INFORMATION SHOWN section start
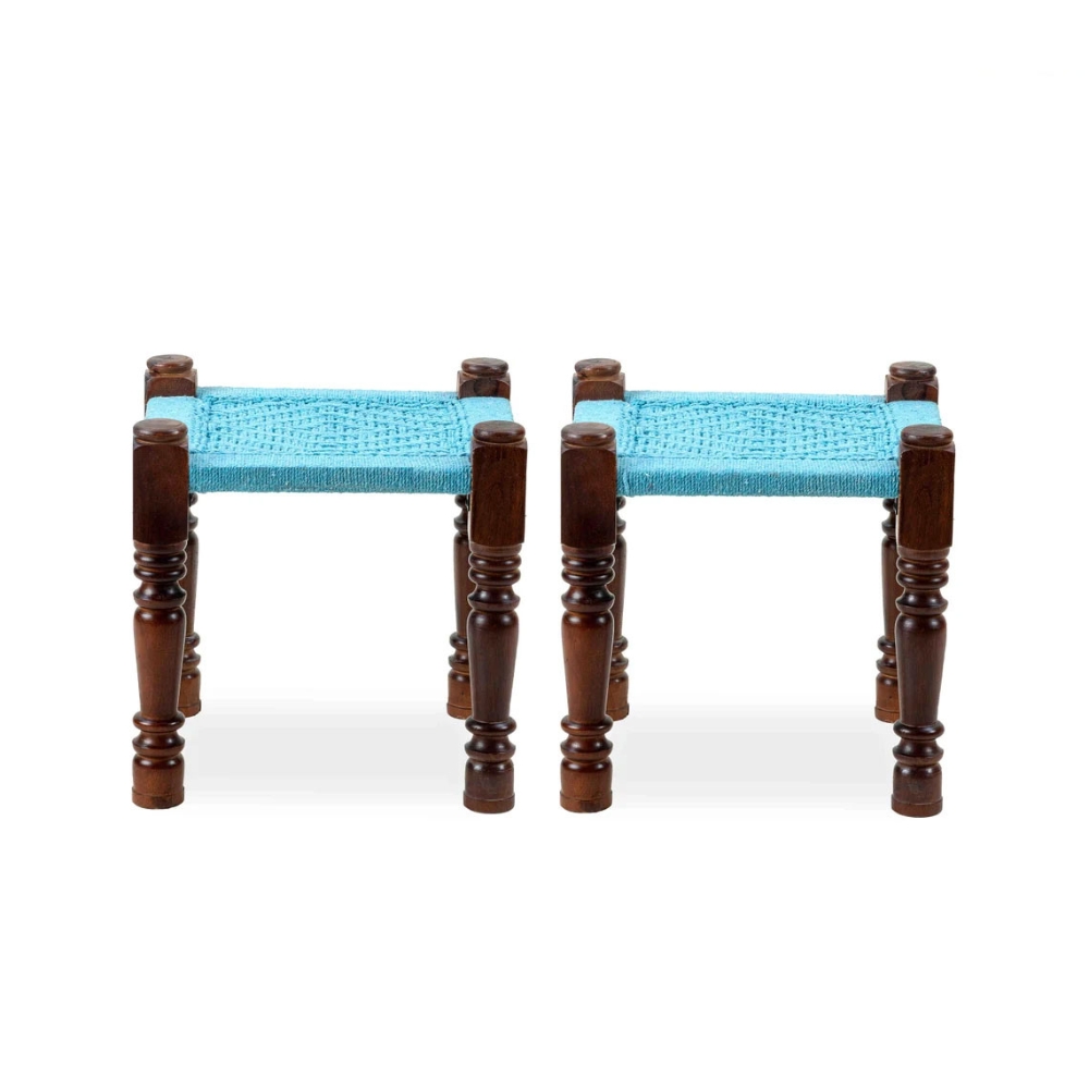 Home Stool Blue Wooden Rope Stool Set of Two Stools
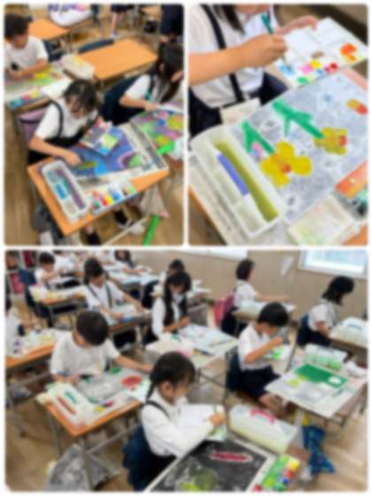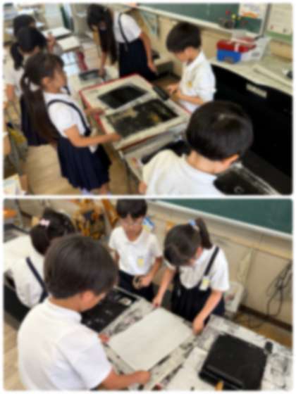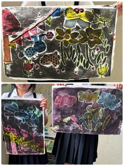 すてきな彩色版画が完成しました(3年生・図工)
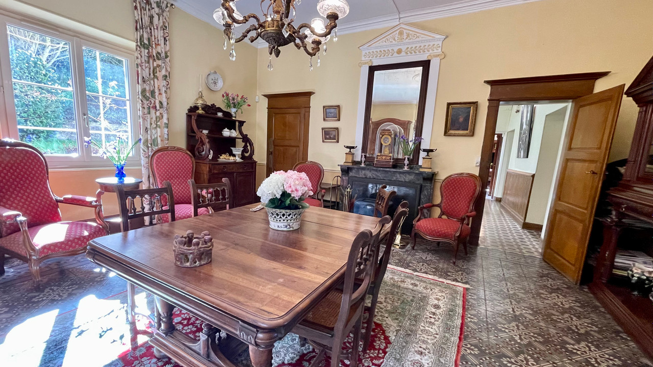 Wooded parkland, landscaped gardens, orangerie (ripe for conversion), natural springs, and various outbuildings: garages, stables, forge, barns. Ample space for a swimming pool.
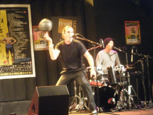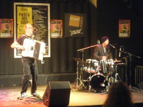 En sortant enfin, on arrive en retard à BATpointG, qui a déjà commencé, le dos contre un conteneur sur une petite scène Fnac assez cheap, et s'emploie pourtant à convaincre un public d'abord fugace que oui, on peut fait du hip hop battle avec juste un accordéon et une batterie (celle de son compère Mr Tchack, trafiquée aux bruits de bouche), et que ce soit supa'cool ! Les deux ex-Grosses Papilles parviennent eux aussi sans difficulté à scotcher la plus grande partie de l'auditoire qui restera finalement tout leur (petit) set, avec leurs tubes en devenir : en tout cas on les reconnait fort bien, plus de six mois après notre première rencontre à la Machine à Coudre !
INFORMATION SHOWN section end
ASSIGNMENT:
All lines from the beginning of the material above through the line holding "Wooded parkland, landscaped" are to be given again exactly, and no others; pictures do not go in.

REPLY TO THE TASK:
 Home Stool Blue Wooden Rope Stool Set of Two Stools
 すてきな彩色版画が完成しました(3年生・図工)
 Wooded parkland, landscaped gardens, orangerie (ripe for conversion), natural springs, and various outbuildings: garages, stables, forge, barns. Ample space for a swimming pool.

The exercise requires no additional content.